In locations where there is internet filtering (or censorship), visiting forbidden resources may have its own consequences which you should consider in your [threat model](../basics/threat-modeling.md). We do **not** suggest the use of encrypted DNS for this purpose. Use [Tor](https://torproject.org) or a [VPN](../vpn.md) instead. If you're using a VPN, you should use your VPN's DNS servers. When using a VPN, you are already trusting them with all your network activity.
When we do a DNS lookup, it's generally because we want to access a resource. Below, we will discuss some of the methods that may disclose your browsing activities even when using encrypted DNS:
### IP 주소
The simplest way to determine browsing activity might be to look at the IP addresses your devices are accessing. For example, if the observer knows that `privacyguides.org` is at `198.98.54.105`, and your device is requesting data from `198.98.54.105`, there is a good chance you're visiting Privacy Guides.

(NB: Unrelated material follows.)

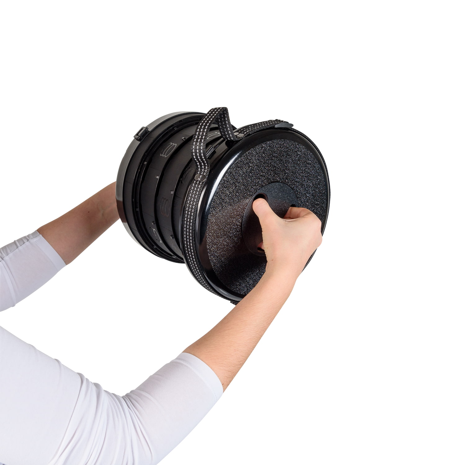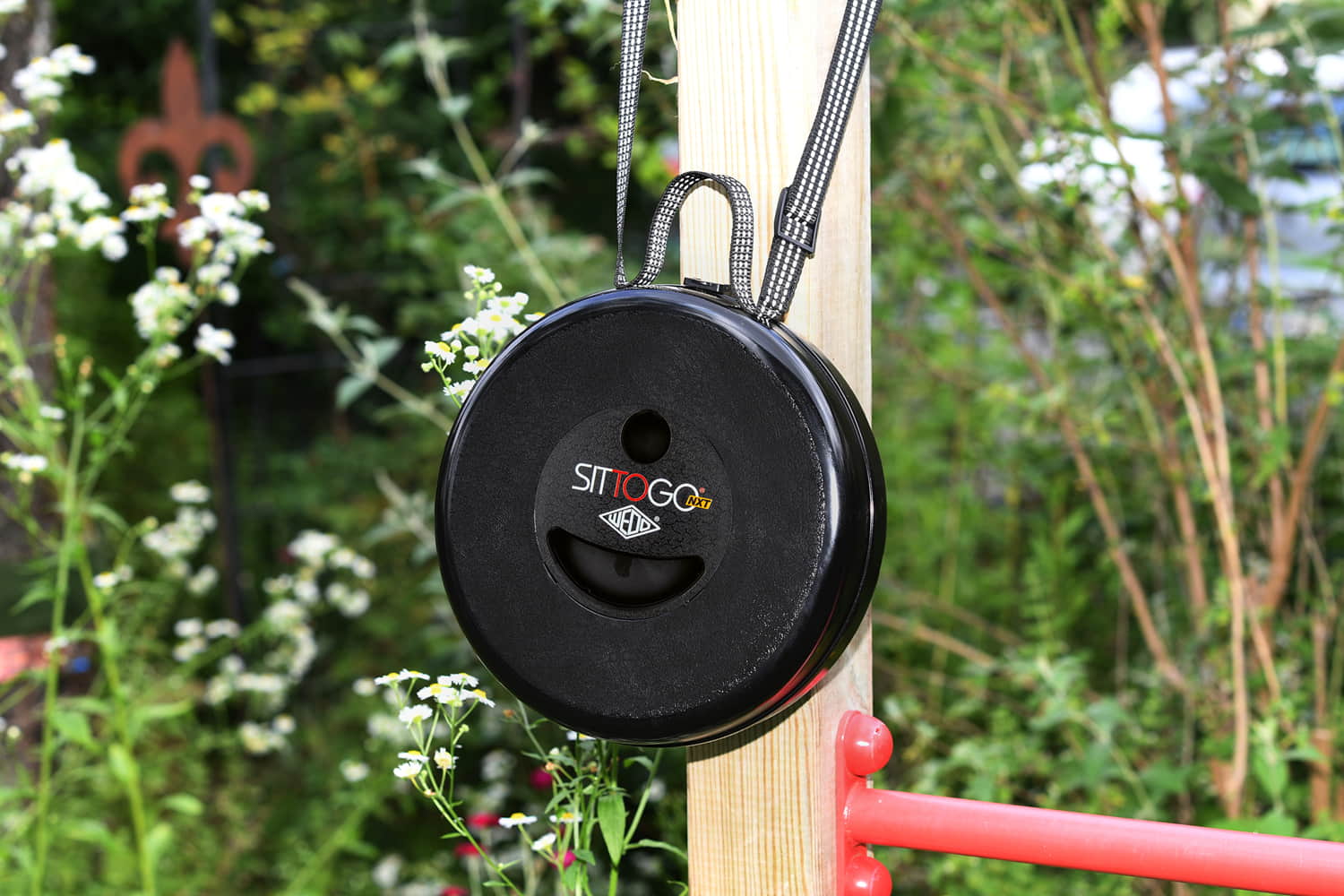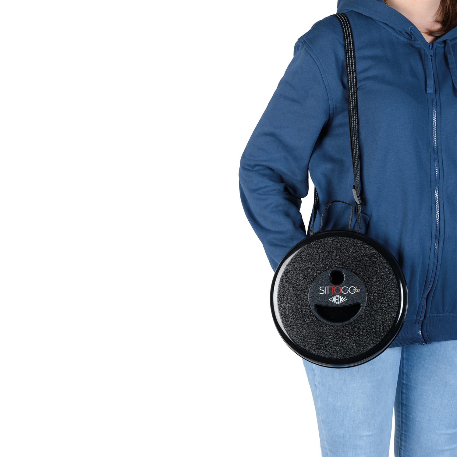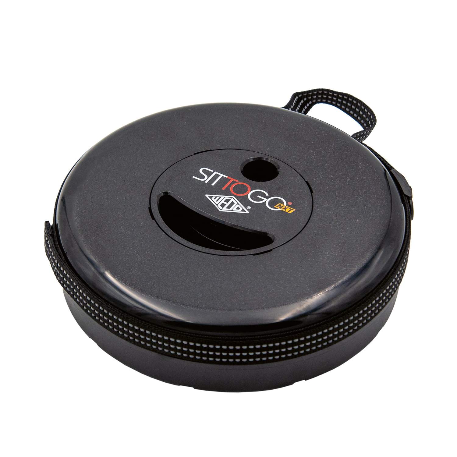 WEDO SITTOGONXT, mobiler Teleskop-Hocker, flach zusammenschiebbar, mit verstellbarem reflektierenden Umhängegurt zum Mitnehmen. Ziehen, drehen und der SITTOGO NXT steht auch in unebenem Gelände sicher und zuverlässig, in der Höhe variabel von 7 - 42 cm, ø 26,2 cm. Material: PP. Gewicht: 1,066 kg, max. Tragkraft: 150 kg. Gehäusefarbe: schwarz, TÜV- und GS-geprüft.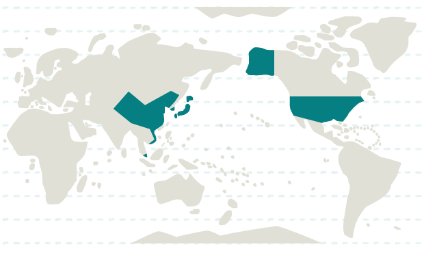 日本、ベトナム、韓国、シンガポール、中国

This method is only useful when the IP address belongs to a server that only hosts few websites. It's also not very useful if the site is hosted on a shared platform (e.g. Github Pages, Cloudflare Pages, Netlify, WordPress, Blogger, etc.). It also isn't very useful if the server is hosted behind a [reverse proxy](https://en.wikipedia.org/wiki/Reverse_proxy), which is very common on the modern Internet.
### SNI(Server Name Indication)
Server Name Indication is typically used when a IP address hosts many websites. This could be a service like Cloudflare, or some other [Denial-of-service attack](https://en.wikipedia.org/wiki/Denial-of-service_attack) protection.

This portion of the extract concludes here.